### Assignment
Copy, exactly as written, the lines that begin at the one containing "11 May 2019;" and end at the one containing "3币种管理(币种的添加设置、提币账户管理、是否、是否显示、交易对管理);". Skip any pictures in the data below.

Dataset items:
——
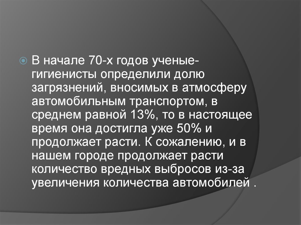 В начале 70-х годов ученыегигиенисты определили долюзагрязнений, вносимых в атмосферу
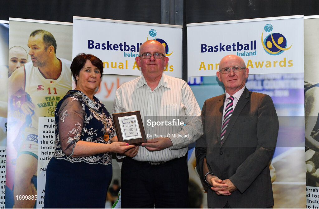 11 May 2019; WD1 Coach of the Year Joe Shields of Maree is presented with his award by Theresa Walsh, President of Basketball Ireland, and Fran Ryan, Chairperson of the Board of Basketball Ireland, during the Basketball Ireland 2018/19 Annual Awards and Hall of Fame at the Cusack Suite, Croke Park in Dublin. Photo by Piaras Ó Mídheach/Sportsfile
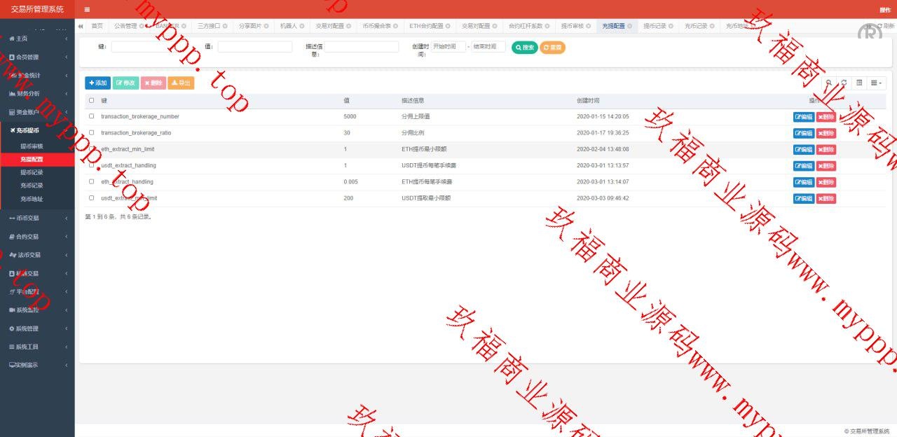 3币种管理(币种的添加设置、提币账户管理、是否、是否显示、交易对管理);
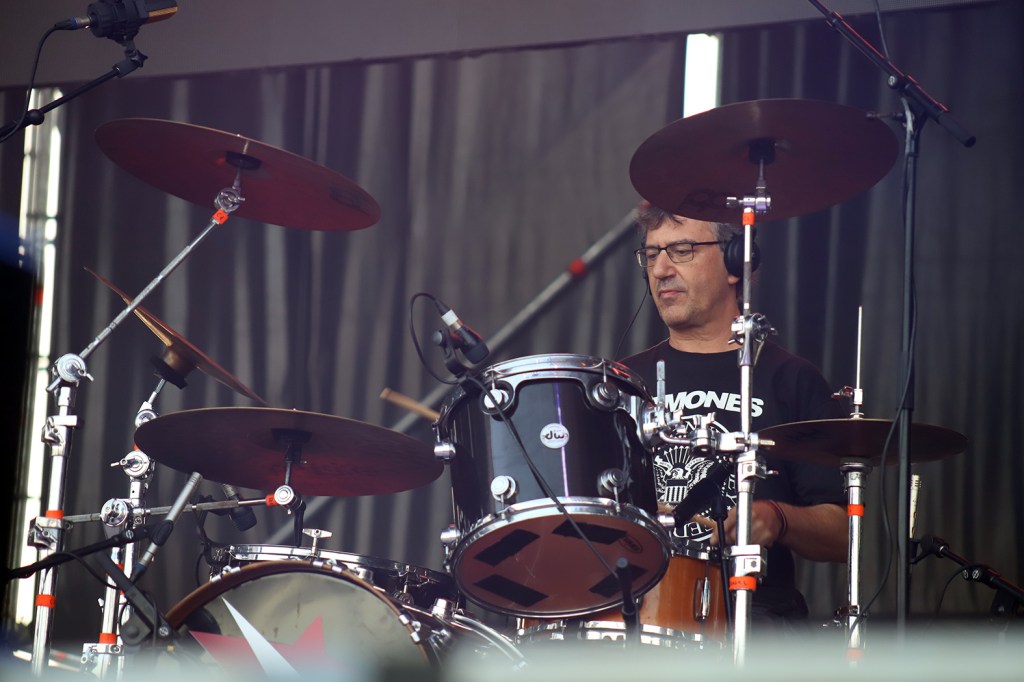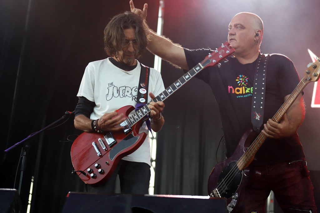 Aunque hace ya un par de años y medio que se hizo oficial la salida de Finito De Badajoz de la banda y su reemplazo a cargo de Javi Chispes, tras la edición del año pasado, quería volver a ver las prestaciones de Reincidentes con la nueva alineación, donde, claro está, siguen Barea y los sempiternos Fernando Madina y Manuel Pizarro. Hace años que vengo diciendo que las formaciones archipresentes en los festivales cada año (véase los Boikot, Porretas, Reincidentes o compañía…) le sientan mejor las horas diurnas (o, al menos, alejadas de la madrugada) por la propia infrecuencia en sí misma y porque esas hechuras hímnicas parecen lucir más a primera hora. Claro está que ninguna de estas bandas es ‘culpable’ de que todos los que llevamos bastantes años moviéndonos en esto le hayamos visto una veintena de veces. Se hace difícil sorprender y podemos tener una sensación de déjà-vu constante pero, aún así, la actuación de Reincidentes en The Juergas Rock estuvo en la media alta. Quizá fue porque había escuchado y leído opiniones de una acusada levantada del pie del acelerador, pero fue algo que solo percibí en un par de temas (por ejemplo, en “Aprendiendo A Luchar”). “Camela 3”, “Grana y Oro” y “Un Día Más” sonaron con la contundencia de siempre. Entre las ‘infrecuentes’ del repertorio, mención para “Rock And Roll”, “Terrorismo”, “La Cuneta Del Olvido” o “Hijos De La Calle” (en la que no faltó el recuerdo para Albertucho). También sentó bien el ‘adelanto’ de “Jartos De Aguantar” a la primera parte del repertorio. «Parece mentira que a las alturas que estamos haya quien niegue que existe la violencia de género», apuntó Madina antes de clamar “¡Ay, Dolores!”. Como hace Marea con “El Trompo”, fue bonito el recuerdo sentido a Boni al recuperar su “Explosivo”. En el tramo final, quedaría las bien situadas en pareja “Cucaracha Blanca” y “Rip Rap” o “La Republicana”, para cerrar con unos bises cien por cien de la tierra al marcarse la flamenca “Jornaleros Andaluces”, con “El Sur”, “Andalucía Entera” y su versión de “Andaluces, Levantaos”.
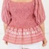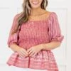 Unleash your inner serenity with this playful top in vibrant red! Featuring a smocked bodice, elastic puff sleeves, and eyelet detailing, this babydoll peplum silhouette brings out the best in you! Say goodbye to boring tops and hello to a fun and flirty look!
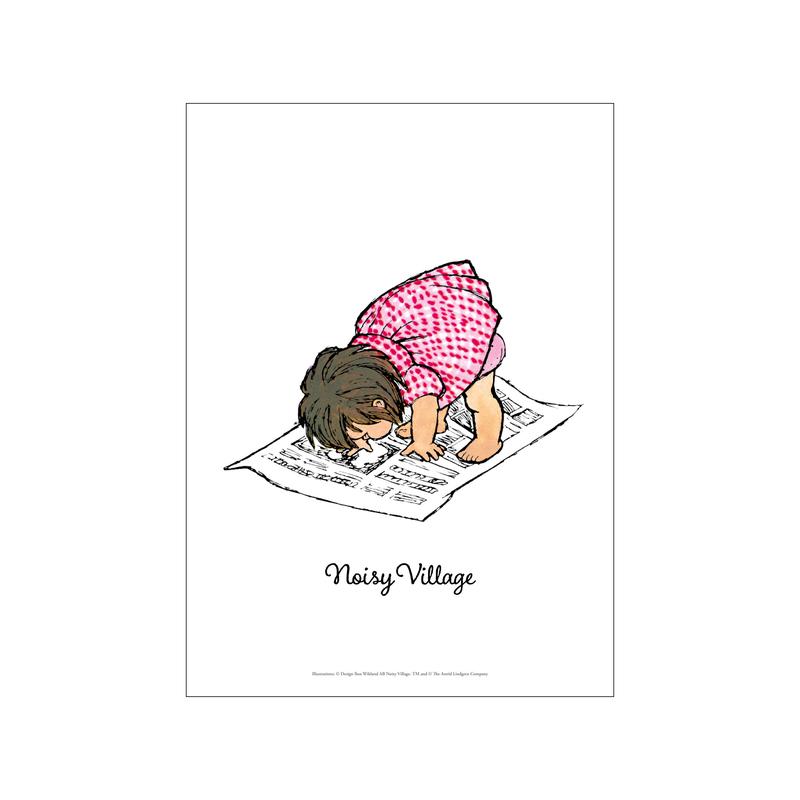 This charming poster captures little Kersten bending over a newspaper, full of childlike curiosity. A playful and nostalgic piece that brings Astrid Lindgrens Noisy Village world to life, ideal for kids rooms and collectors alike.
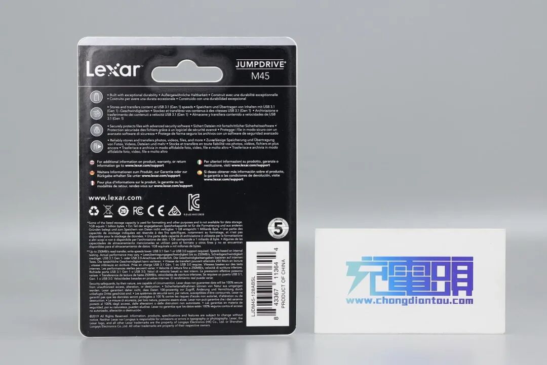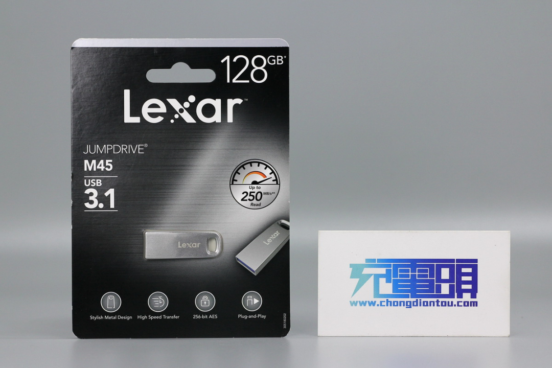 包装卡片正面是“Lexar”的品牌Logo,左侧标注出了U盘的型号为M45,USB标准为USB3.1,右侧可以看出最高读取速度可达250MB/s。
——
### Exercise answer
 11 May 2019; WD1 Coach of the Year Joe Shields of Maree is presented with his award by Theresa Walsh, President of Basketball Ireland, and Fran Ryan, Chairperson of the Board of Basketball Ireland, during the Basketball Ireland 2018/19 Annual Awards and Hall of Fame at the Cusack Suite, Croke Park in Dublin. Photo by Piaras Ó Mídheach/Sportsfile
 3币种管理(币种的添加设置、提币账户管理、是否、是否显示、交易对管理);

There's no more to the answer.